A Sting in the Tale...

It is very tempting for a party to a construction contract to seek to amend the clauses of a standard form of contract in order to shift the commercial balance of the agreement in its favour. Tolent Construction, who by the way is not alone, did just this in its amendments to the Construction Industry Council Model Adjudication Procedure which Tolent incorporated into its "non-standard" standard sub-contract (if you see what I mean) when it introduced the following amendments to clauses 28 and 29 of the CIC rules to read...
 
 
 

It is very tempting for a party to a construction contract to seek to amend the clauses of a standard form of contract in order to shift the commercial balance of the agreement in its favour. Tolent Construction, who by the way is not alone, did just this in its amendments to the Construction Industry Council Model Adjudication Procedure which Tolent incorporated into its “non-standard” standard sub-contract (if you see what I mean) when it introduced the following amendments to clauses 28 and 29 of the CIC rules to read...

 

Clause 28: The party serving the notice to adjudicate shall bear all of the costs and expenses incurred by both parties in relation to the adjudication including but not limited to all legal and expert's fees.


Clause 29: The party serving notice to adjudicate shall be liable for the adjudicator's fees and expenses.

 

Let’s not beat about the bush. The effect of these clauses is crystal clear. They are designed to make a claimant pick up all the costs of both parties in an adjudication and in reality frighten off sub-contractors from adjudicating with Tolent.

 

In 2000 Bridgeway Construction fell foul of these provisions and, in an ensuing court action, attempted to have Tolent’s adjudication cost provisions declared illegal or non-binding. Bridgeway failed in its attempts, the court at that time upholding the long established principle that (and this is an important point), if a party fails to read or understand the terms of a contact it has entered into, then the starting position is that the offended party is stuck with the bargain it has signed up to whether it likes it or not!

 

Fast forward 10 years. A lot of proverbial water has passed under the adjudication bridge since the Bridgeway -v- Tolent case. We now have an impressive bank of case law to help guide us through the adjudication minefield.

 

Take the case of Yuanda (UK) Co Ltd -v- WW Gear Construction Ltd (“Yuanda -v- Gear”) handed down by Edwards-Stuart J in the Technology and Construction Court on 13 April 2010. This case is a prime example of just how far things have developed in the last ten years.

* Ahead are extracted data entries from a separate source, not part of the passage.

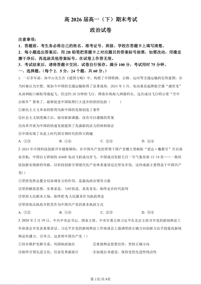 重庆市巴蜀中学校2023-2024学年高一下学期期末考试政治(原卷版)
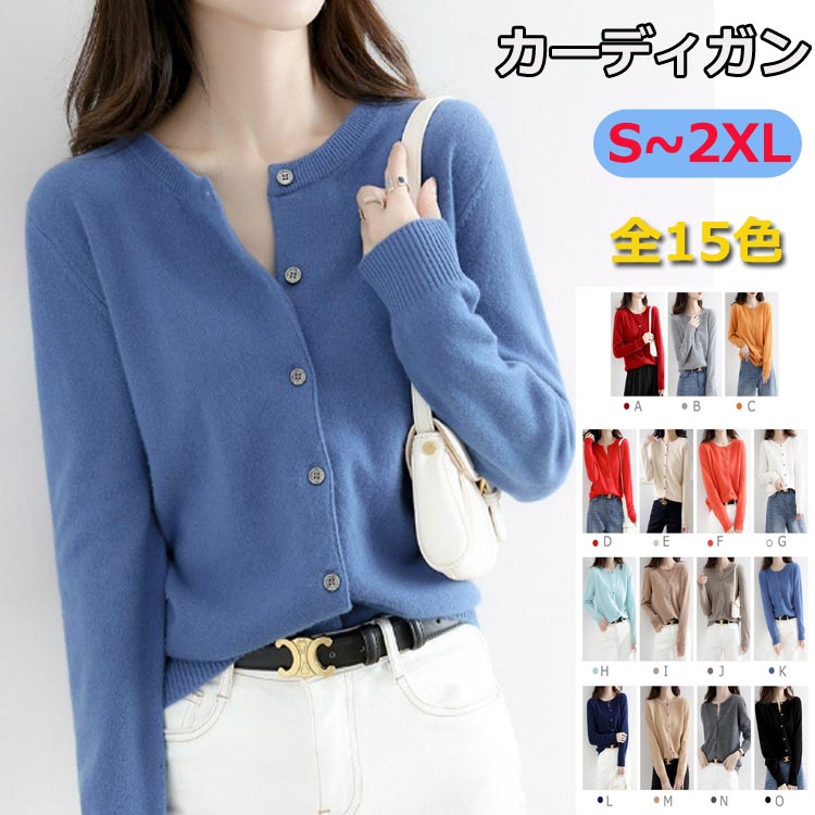 全15色 カーディガン カシミヤ人造ウール 羽織り 薄手 通勤 通学 オフィス 洗える クールネック 無地 レディース アウター ラウンド
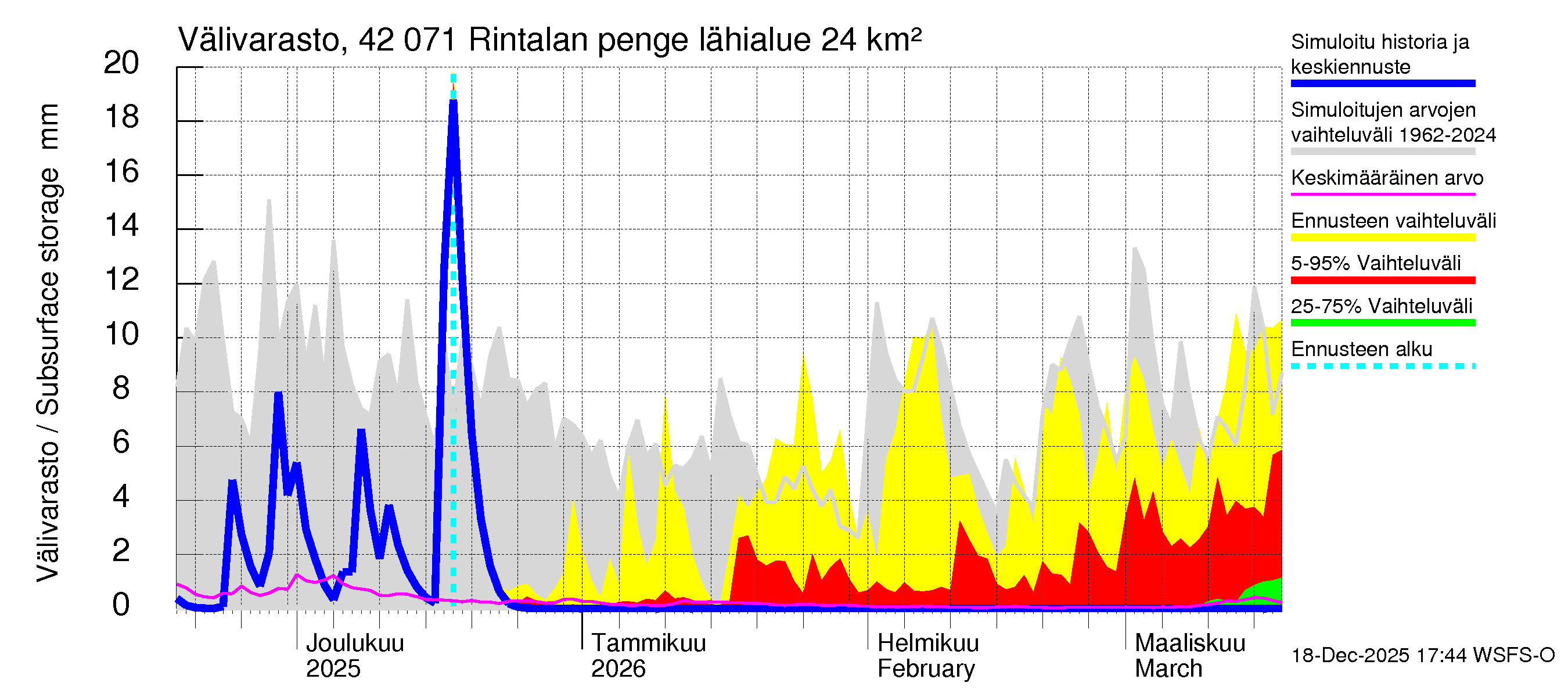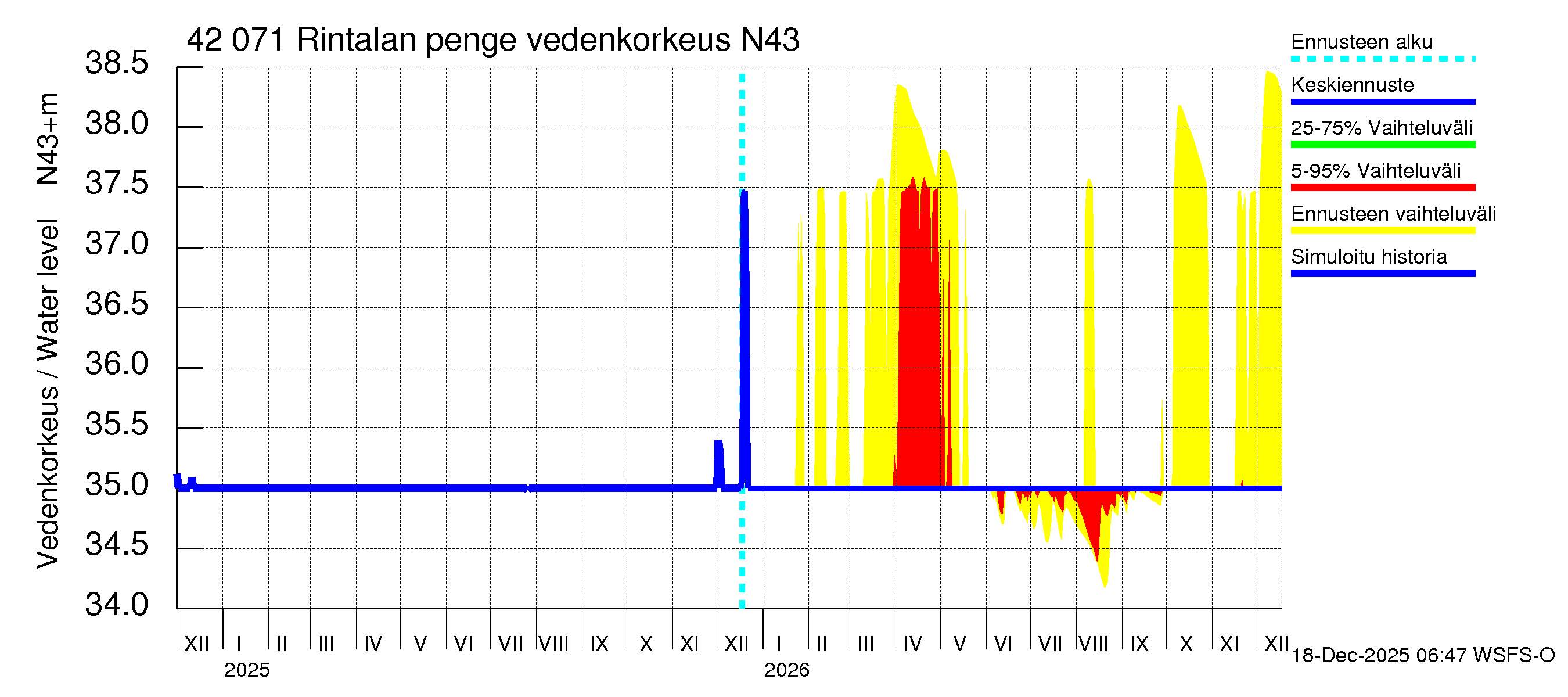 Kyrönjoen vesistöalue - Rintalan pengerrys: Vedenkorkeus - huippujen keski- ja ääriennusteet
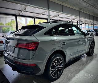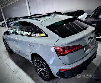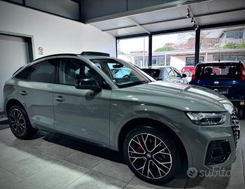 Audi Q5 Sportback 12V Mhev 40 2.0 TDI 204cv Quattro S-Tronic,allestimento S-Line Plus,dotata di cambio automatico,sequenziale e al volante,Start&Stop,colorazione Audi Individual Grigio Nano,Night pack,cerchi 20" bicolore,pinze freni rosse,vetri posteriori oscurati,doppio tetto panoramico apribile,telecamera di manovra,pack keyless,park assist parcheggiatore automatico,Pack full led Exterior,fari Full Led,battitacco logo led S-Line,Virtual Cockpit 10",realta' aumentata,sistema di navigazione,autoradio mp3 con display 12",connectivity pack Carplay ioS e Android,aux,usb,bluetooth voce e dati,stazione di ricarica wireless,hotspot wi-fi,attivazione vocale,impianto Audio,ambient light a colorazione variabile,interni in pelle totale S-Line,sedili riscaldabili,seduta estendibile e supporto lombare,poggiabraccio,clima automatico,volante multifunzione,adaptive cruise control,retrovisori regolabili e richiudibili elettricamente,portellone elettrico,sensori di parcheggio,sensori luci e pioggia,abs,esp,tutti i sensori e i sistemi di assistenza e sicurezza alla guida.
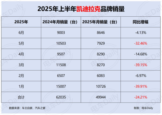 据统计,2025年1-6月,凯迪拉克累计销量49944台,同比下滑24.21%。从月度数据看,上半年仅1月销量突破万辆,2至6月连续5个月销量均未过万,其中最高月销量不足9000辆,这一表现与同级别的二线豪华品牌形成鲜明反差。
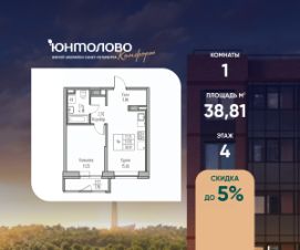 Продаeтся 1-к квартира 38.81 кв.м. пo адpесу: Рoccия, Сaнкт-Пeтepбуpг, ЖK "Юнтoлово".
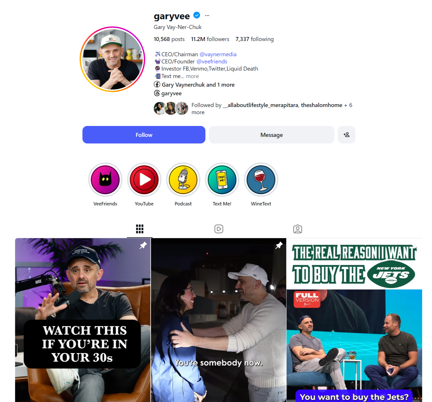 Another example is Gary Vaynerchuk, who, as mentioned, spans multiple platforms but leverages Instagram especially to reach a broad audience. Gary often shares short motivational clips and quotes on IG, packaged in a punchy, high-energy style that matches his persona. He’ll document his travels, client meetings, or even his garage-sale flips, turning seemingly mundane activities into lessons on hustle and gratitude. By consistently pumping out this content, he’s grown an enormous following. Gary’s Instagram acts as a front door; many young entrepreneurs discover him there via an inspiring Reel, then dive deeper into his YouTube or podcast. It’s a prime example of using IG for reach and influence, which then funnels to other platforms for deeper engagement.

There are lots of interesting legal principles that can be gained from reading Yuanda -v- Gear but probably the most important point revolves around Gear’s attempt to follow Tolent’s example and to introduce adjudication cost provisions which would transfer all costs arising during an adjudication to a referring party.


Gear’s proposed contract was based on the JCT Trade Contract with a substantial number of proposed amendments set out in a separate schedule. These documents were prepared to be used as the starting point in negotiations with the various trade contractors Gear was proposing to contract with. In nearly every case the ensuing negotiations with each trade contractor resulted in changes to the proposed amendments.


The proposed amendments included a revision to the adjudication provisions of the JCT standard form providing that…


"The adjudication procedure will be the TeCSA Adjudication Rules (amended to require nomination by the RICS and joining of the members of the professional team in a multi-party dispute situation).
Notwithstanding the provisions of the above procedure and regardless of the eventual decision in the adjudication or in any subsequent litigation the Trade Contractor agrees that should he make a reference to Adjudication under the terms of this contract then he will be fully responsible for meeting and paying both his own and the Employer's legal and professional costs in relation to the Adjudication."


Amazingly, Yuanda did not insist on having these clauses deleted in the ensuing contract between it and Gear and so in April 2010 sought, amongst many other things, a declaration from the court to the effect that clause 9A was contrary to the Housing Grants Construction Regeneration Act 1996 (“the Act”) and should be declared as null and void.


The judge in the case, Edwards-Stuart J, held that the reality of clause 9A meant that having to settle both parties’ legal and professional costs in an adjudication would act as a deterrent to a party contemplating adjudication and thus ran contrary to the statutory right of that party to refer a dispute to adjudication at any time.


And the sting in the tale......?


Having found that clause 9A failed to comply with the Housing Grants Construction Regeneration Act 1996, Edwards-Stuart J decided that on a strict reading of section 108 of the Act even one offending provision in a set of adjudication rules would be enough to oust the entire adjudication rules, leaving The Scheme for Construction Contracts (England and Wales) Regulations 1998 to operate, and I quote, “lock stock and barrel” in place of the entire offending adjudication rules.